Key Contributions to Portfolio Outcome:
Key contributors to portfolio income this month were high yield, covered calls, and CLOs. High yield, covered calls, and US equities were the largest contributors to total return this month offset by interest rate management positions, emerging market debt, and currency management positions.
Main Portfolio Changes:
We expect markets to remain volatile in the near-term and maintain a more cautious stance. That said, we recognize sentiment is very poor and investor risk appetite extremely depressed. Should inflation and jobs data weaken towards the Fed’s intended goals and the chances of a rate pivot increase, we could see the potential for a shorter-term relief rally.
Investors can achieve compelling income today in many bond markets by taking only modest duration and credit risk. With this in mind, we added a position in short-dated treasuries during the month. An absolute level of yield of over 4% for 2-year treasuries (vs. less than 1% at the start of the year) looks compelling in our view, especially when factoring the uncertainty still plaguing markets.
Positioning & Outlook:
Global equities staged an impressive rebound in October after a gruelling September. Speculation that central banks are nearing a policy pivot helped spark the turnaround. All in all, developed global stocks returned over 7% on the month while interest rates continued their upward trend. An exception to the rally in stocks was technology related names which saw extreme moves from weaker earnings. Asian and broader emerging markets assets also struggled as the conclusion of China Communist Party congress resulted in more concerns around the direction of future policy in the world’s second largest economy.

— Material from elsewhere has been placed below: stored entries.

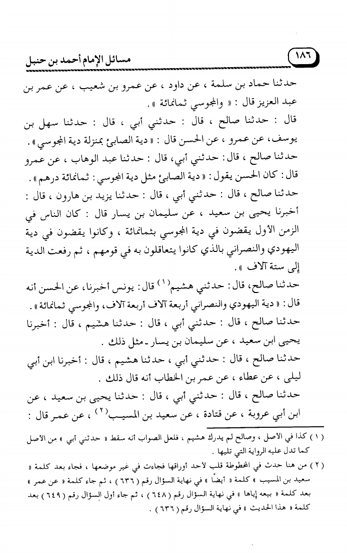 مسائل الإمام أحمد بن حنبل رواية ابنه أبي الفضل صالح (ت. عوض الله)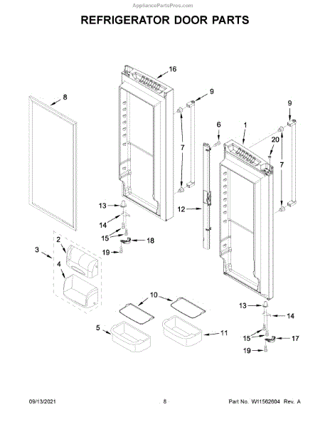 The Door Shelf Bin is an OEM part for Whirlpool refrigerators. This bin is designed to fit into the door of the refrigerator, providing additional storage space for items such as bottles, condiments, and small containers. This door bin measures about 15 inches wide by 3 inches high by 8 inches deep.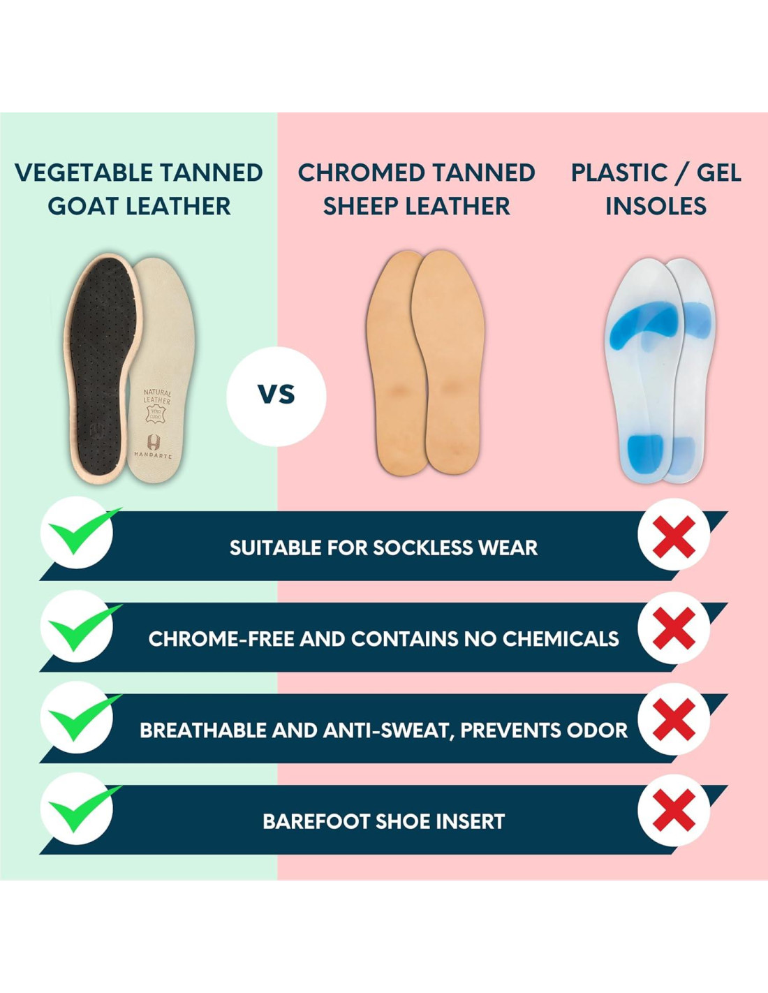 - AMORTIGUACIÓN DE CUERO PREMIUM - Nuestras plantillas de cuero para mujeres y hombres están hechas de 100% piel de cabra de grano completo curtida con vegetales. Estas plantillas ultra cómodas reducen la fatiga en los pies sin añadir volumen a sus zapatos.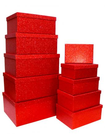 Набор из десяти блестящих прямоугольных подарочных коробок красного цвета. Коробки изготовлены из плотного картона, отделка подарочных коробок выполнена текстурной люксовой блестящей бумагой.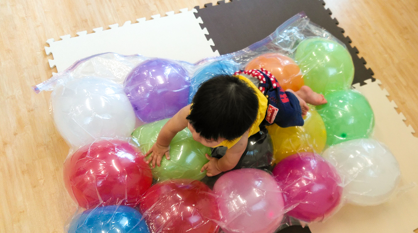 風船に貼った絵をマッチングさせる宝探し、飛ばした風船を捕まえる風船キャッチ、風船バレー、たくさんの風船をふとん圧縮袋に詰めて作った風船ベッドなど。身体を使うことで、療育にもつながります。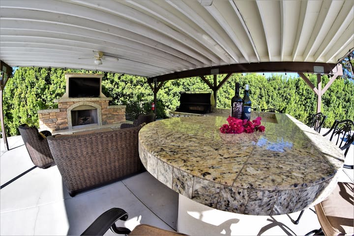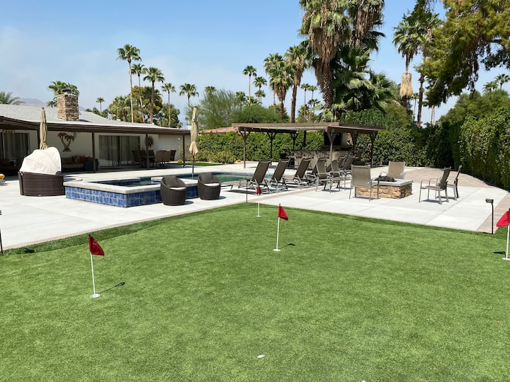 サウスパームスプリングスに位置し、広大な13,000平方フィート以上の敷地に建てられた美しいゲットアウェイホームです。この完全に改装されたハイテクホームは豪華で、設備が整っており、南カリフォルニアのライフスタイルの雰囲気と洗練さ、または新しく改装された磨かれたコンクリートの床を備えたパームスプリングスの中世の美しさを捉えています。この家はゴルフ場にあり、プライバシーが確保されており、美しい山の景色と砂漠の景観が広がっています。サウスパームスプリングスに位置するこのモダンな3ベッドルーム、3バスルーム、1702平方フィートのシングルレベルハウスは、静かなリトリートで、ご滞在中に家で休息/リラックスするというアイデアで、休息、リラクゼーション、またはグループリトリートに理想的です。家の中は広々としたオープンフロアで、誰でもゆったり座れます。外に出て、プールサイドの多数の長椅子や、2つのラナイの下にある深い座席のコレクションでリラックスしたり、付属のスパでリラックスしながら、静かな敷地内や夜の夕日を眺めることができます。 裏庭には、新しく建設された屋外エンターテイメントエリアがあり、大きなラナイの下に大きな美しい岩の暖炉、夜には素晴らしい夕日が沈むゴルフ場の近くにある焚き火台、40インチのプロフェッショナルなライオンBBQを備えたカスタムの屋外キッチン、マウント冷蔵庫とシンクの下に、カウンターの周りに座ってテレビを見たり、夕日や敷地内を眺めたりできる多数のカウンターハイチェアがあります。 さらに、屋外キッチンには、ラナイの下にある暖炉の上に吊るされた58インチの薄型テレビと、マスターベッドルームのスライドドアの近くにあるパティオカバーの下にある別の40インチの薄型テレビがあり、屋外でお気に入りのスポーツチームを楽しんだり、テレビを見たりすることができます。 屋外テレビはどちらもスマートテレビなので、多くの視聴オプションから選択できます。 バーベキューとシンクを備えたメインパティオカバーには、涼しい季節に備えた屋外ヒーターも備わっており、暖炉の暖かさとともに、夜遅くまで外で時間を楽しむことができます。 さらに、新しい7ホールのパッティンググリーンとボッチェボールコートは、パッティングを練習したり、友達や家族とボッチェボールゲームを楽しんだりできるので、家を楽しむもう一つの理由になるでしょう。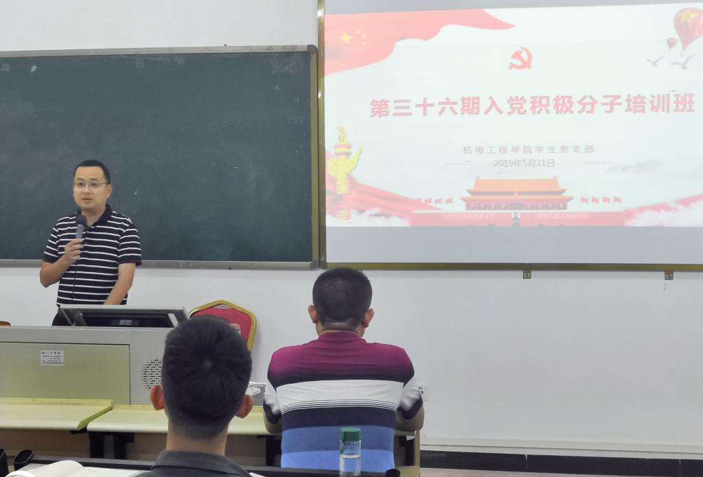 5月31日晚,机电学院第三十六期入党积极分子培训班开班仪式暨《做有理想有本领有担当的新时代青年》主题培训会在实D312举行,学院党总支副书记黄亮、团总支书记杨成、学生党支部书记黄章华、授课教师邹建辉副教授、学生党支部宣传委员张燕华、组织委员赵雯钊及53位入党积极分子参加了此次活动,活动由团总支杨成书记主持。
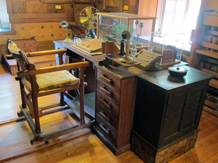 His desk with chair on rails for easy movement in and out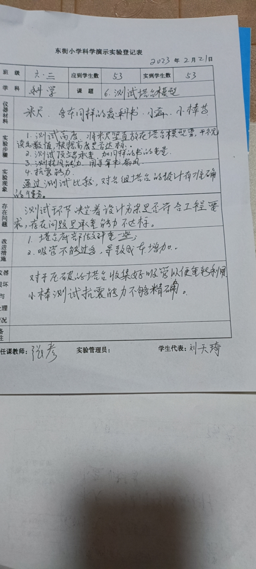 实验登记表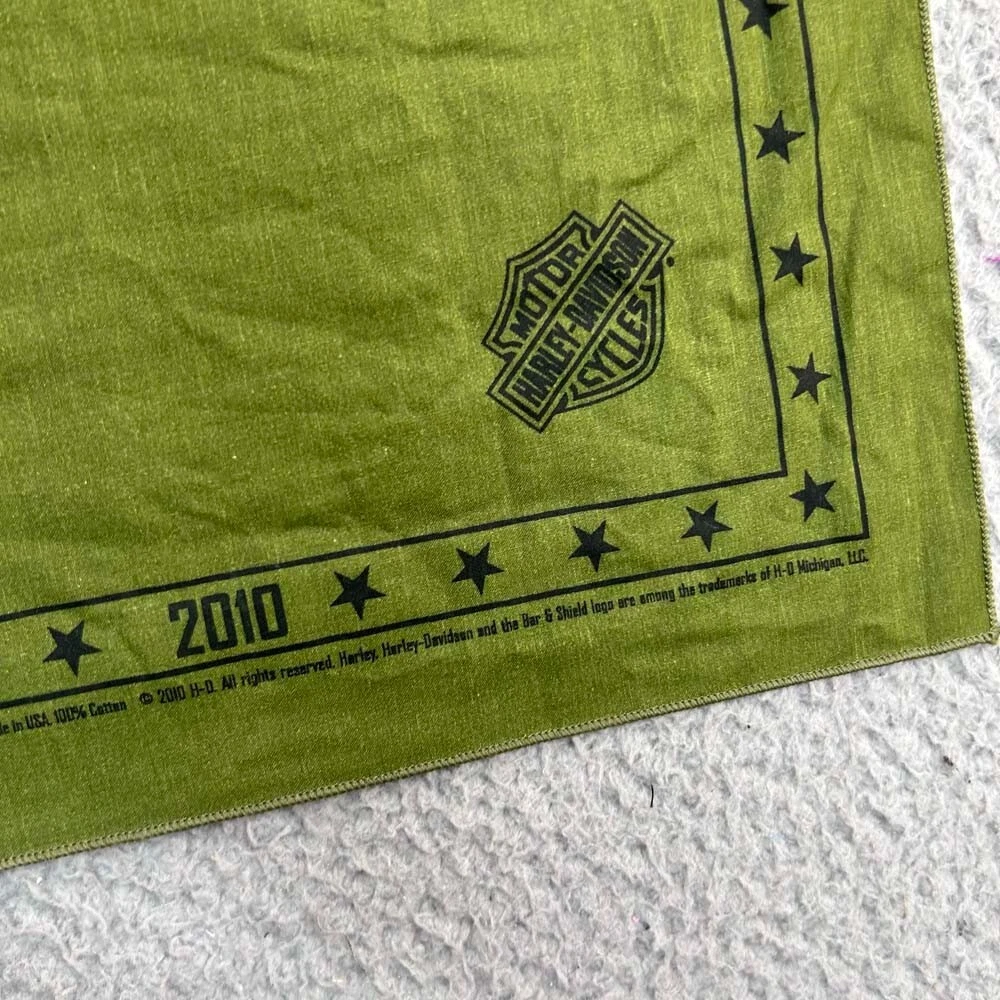 Style:Designer/ArtistBrand:Harley DavidsonHandmade:NoVintage:NoType:HandkerchiefSize:One SizeDepartment:UnisexSeller Notes:“No issues See Photos”UPC:Does Not ApplyColor:GreenTheme:Biker, Whiskeygtin13:Does Not Apply

Key Contributions to Portfolio Outcome:
Key contributors to portfolio income this quarter were covered calls, high yield, and CLOs. Currency management positions were the largest contributors to total return this quarter offset by global ex-US developed market equities, covered calls, and global infrastructure equites.
Main Portfolio Changes:
Over the quarter, we continued to take down portfolio risk. We increased the Fund’s duration to add more ballast in the portfolio. We believe current treasury yields offer more portfolio protection than what was available at the start of the year. We also further reduced exposure to equities.